#### WHAT IS REQUIRED:
Without copying any picture, transcribe exactly the lines of the data below from the one containing "Qingdao EASTSTAR je" through the one containing "December ni 3".

#### GIVEN DATA:
________

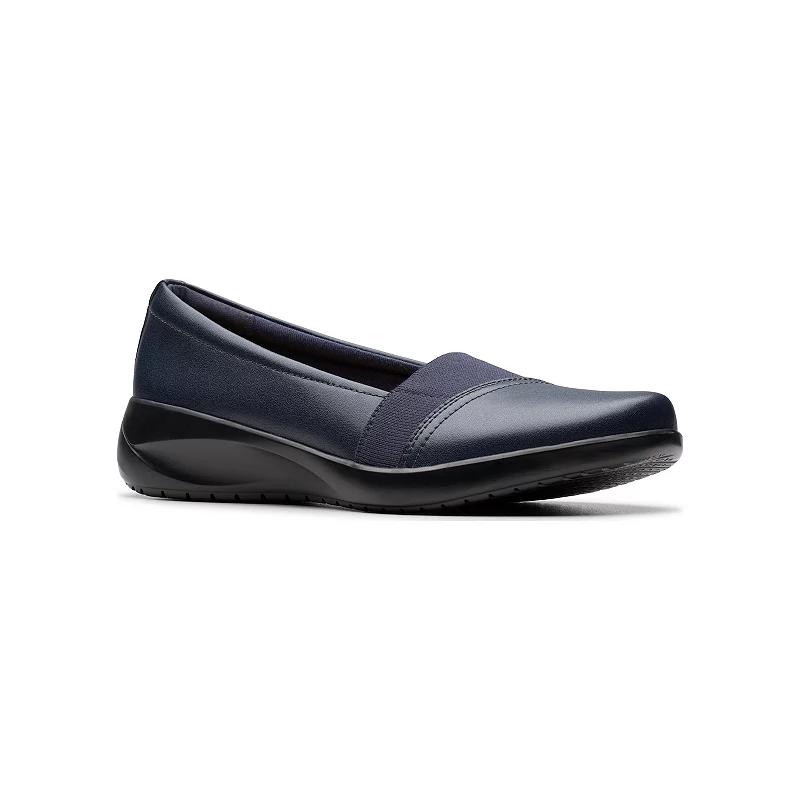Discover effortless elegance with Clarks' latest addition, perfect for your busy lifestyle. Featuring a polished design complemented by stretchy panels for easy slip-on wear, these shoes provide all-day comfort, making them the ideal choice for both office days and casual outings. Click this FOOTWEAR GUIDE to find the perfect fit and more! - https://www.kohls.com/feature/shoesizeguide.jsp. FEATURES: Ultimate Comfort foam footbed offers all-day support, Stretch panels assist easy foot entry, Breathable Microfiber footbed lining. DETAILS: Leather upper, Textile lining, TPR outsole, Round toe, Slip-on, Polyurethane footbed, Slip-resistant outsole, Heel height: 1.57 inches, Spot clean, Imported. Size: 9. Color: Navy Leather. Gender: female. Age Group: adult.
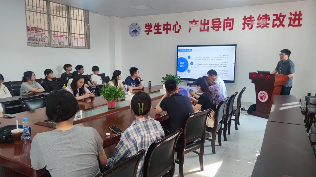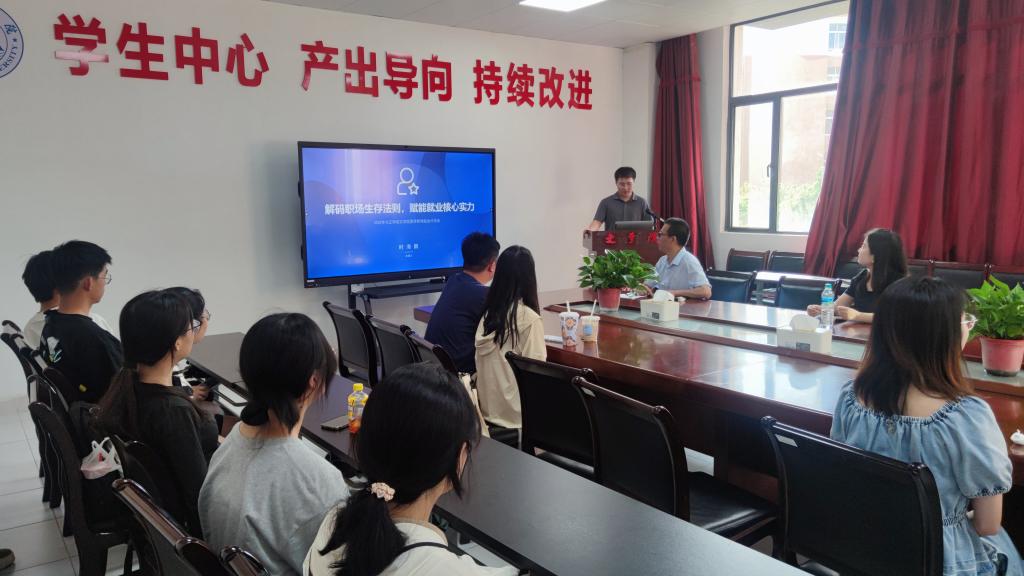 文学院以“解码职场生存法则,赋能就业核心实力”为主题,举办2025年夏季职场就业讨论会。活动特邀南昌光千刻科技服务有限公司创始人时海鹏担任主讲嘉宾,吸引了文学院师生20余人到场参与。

________

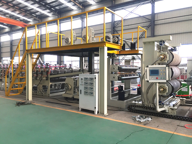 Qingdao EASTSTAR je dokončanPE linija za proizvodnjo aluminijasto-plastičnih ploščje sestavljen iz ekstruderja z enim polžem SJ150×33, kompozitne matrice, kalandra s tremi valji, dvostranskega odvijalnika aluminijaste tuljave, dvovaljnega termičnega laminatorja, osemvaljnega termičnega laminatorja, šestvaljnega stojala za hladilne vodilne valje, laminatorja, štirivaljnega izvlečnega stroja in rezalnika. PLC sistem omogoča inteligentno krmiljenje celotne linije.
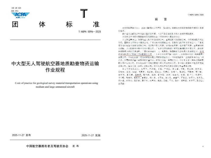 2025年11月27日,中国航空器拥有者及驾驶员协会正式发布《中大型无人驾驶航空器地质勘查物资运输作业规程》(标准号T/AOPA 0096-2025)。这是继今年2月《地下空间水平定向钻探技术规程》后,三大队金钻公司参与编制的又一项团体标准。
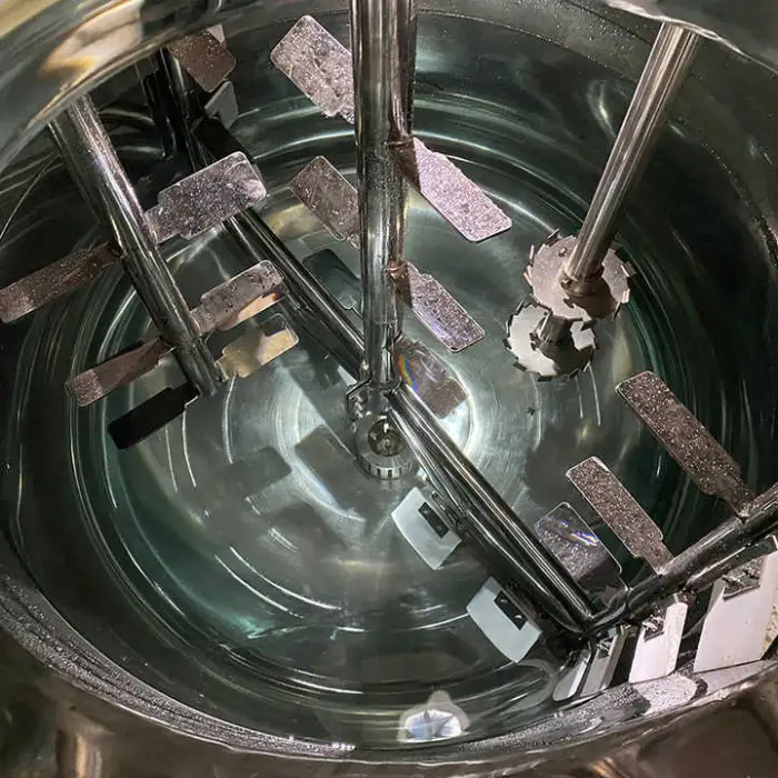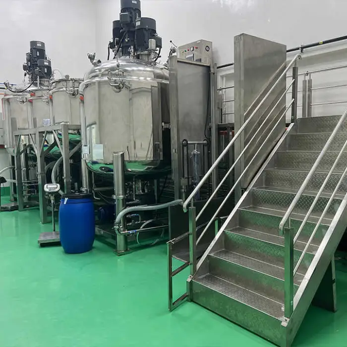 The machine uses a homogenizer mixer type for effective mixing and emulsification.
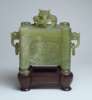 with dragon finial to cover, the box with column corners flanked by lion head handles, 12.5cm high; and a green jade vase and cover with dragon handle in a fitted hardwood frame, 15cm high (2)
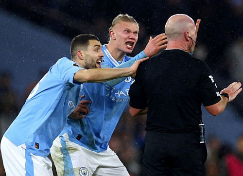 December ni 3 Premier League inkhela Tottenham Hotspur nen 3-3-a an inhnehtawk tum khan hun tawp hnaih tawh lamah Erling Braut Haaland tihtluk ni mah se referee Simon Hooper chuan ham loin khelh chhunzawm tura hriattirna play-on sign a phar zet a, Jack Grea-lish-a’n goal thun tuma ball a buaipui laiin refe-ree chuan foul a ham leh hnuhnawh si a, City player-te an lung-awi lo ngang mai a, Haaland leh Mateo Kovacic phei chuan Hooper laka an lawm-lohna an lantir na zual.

________

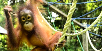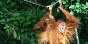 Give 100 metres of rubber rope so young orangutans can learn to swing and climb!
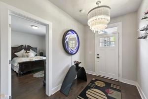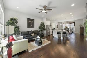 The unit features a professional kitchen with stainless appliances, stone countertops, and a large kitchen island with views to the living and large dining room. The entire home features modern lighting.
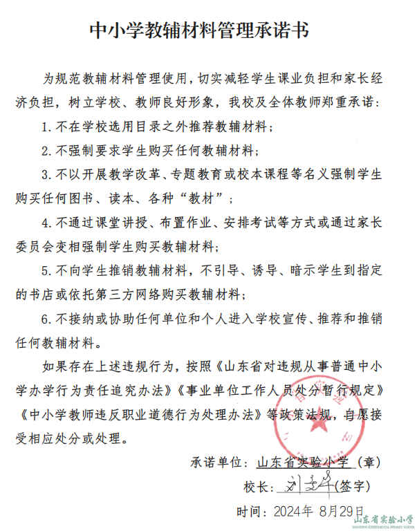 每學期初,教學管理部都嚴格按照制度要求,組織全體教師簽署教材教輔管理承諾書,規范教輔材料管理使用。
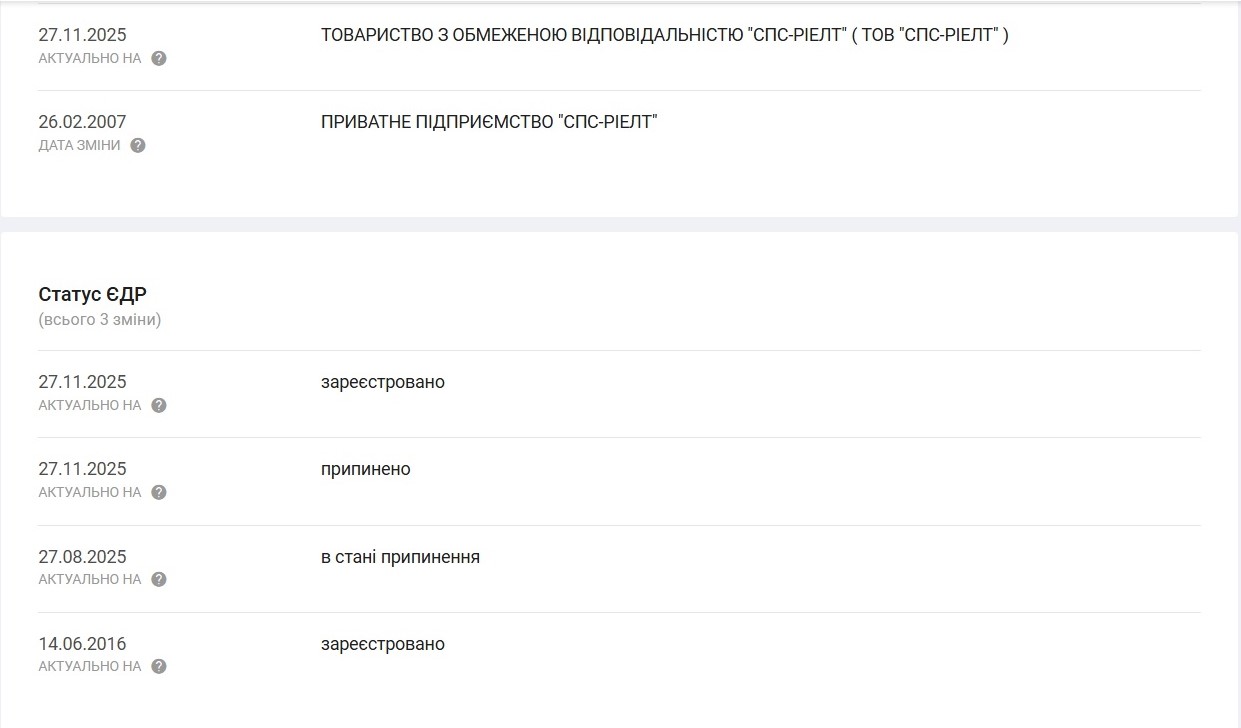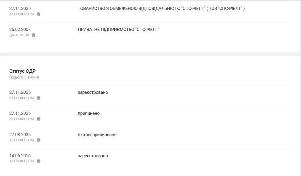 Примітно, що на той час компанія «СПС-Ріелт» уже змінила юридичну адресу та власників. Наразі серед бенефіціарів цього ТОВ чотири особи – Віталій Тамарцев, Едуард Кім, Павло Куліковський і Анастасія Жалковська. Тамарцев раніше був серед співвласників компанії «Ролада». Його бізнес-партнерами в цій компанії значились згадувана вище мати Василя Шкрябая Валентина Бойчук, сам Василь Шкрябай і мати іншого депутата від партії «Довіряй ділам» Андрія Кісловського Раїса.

________

#### EXERCISE RESULT:
 Qingdao EASTSTAR je dokončanPE linija za proizvodnjo aluminijasto-plastičnih ploščje sestavljen iz ekstruderja z enim polžem SJ150×33, kompozitne matrice, kalandra s tremi valji, dvostranskega odvijalnika aluminijaste tuljave, dvovaljnega termičnega laminatorja, osemvaljnega termičnega laminatorja, šestvaljnega stojala za hladilne vodilne valje, laminatorja, štirivaljnega izvlečnega stroja in rezalnika. PLC sistem omogoča inteligentno krmiljenje celotne linije.
 2025年11月27日,中国航空器拥有者及驾驶员协会正式发布《中大型无人驾驶航空器地质勘查物资运输作业规程》(标准号T/AOPA 0096-2025)。这是继今年2月《地下空间水平定向钻探技术规程》后,三大队金钻公司参与编制的又一项团体标准。
 The machine uses a homogenizer mixer type for effective mixing and emulsification.
 with dragon finial to cover, the box with column corners flanked by lion head handles, 12.5cm high; and a green jade vase and cover with dragon handle in a fitted hardwood frame, 15cm high (2)
 December ni 3 Premier League inkhela Tottenham Hotspur nen 3-3-a an inhnehtawk tum khan hun tawp hnaih tawh lamah Erling Braut Haaland tihtluk ni mah se referee Simon Hooper chuan ham loin khelh chhunzawm tura hriattirna play-on sign a phar zet a, Jack Grea-lish-a’n goal thun tuma ball a buaipui laiin refe-ree chuan foul a ham leh hnuhnawh si a, City player-te an lung-awi lo ngang mai a, Haaland leh Mateo Kovacic phei chuan Hooper laka an lawm-lohna an lantir na zual.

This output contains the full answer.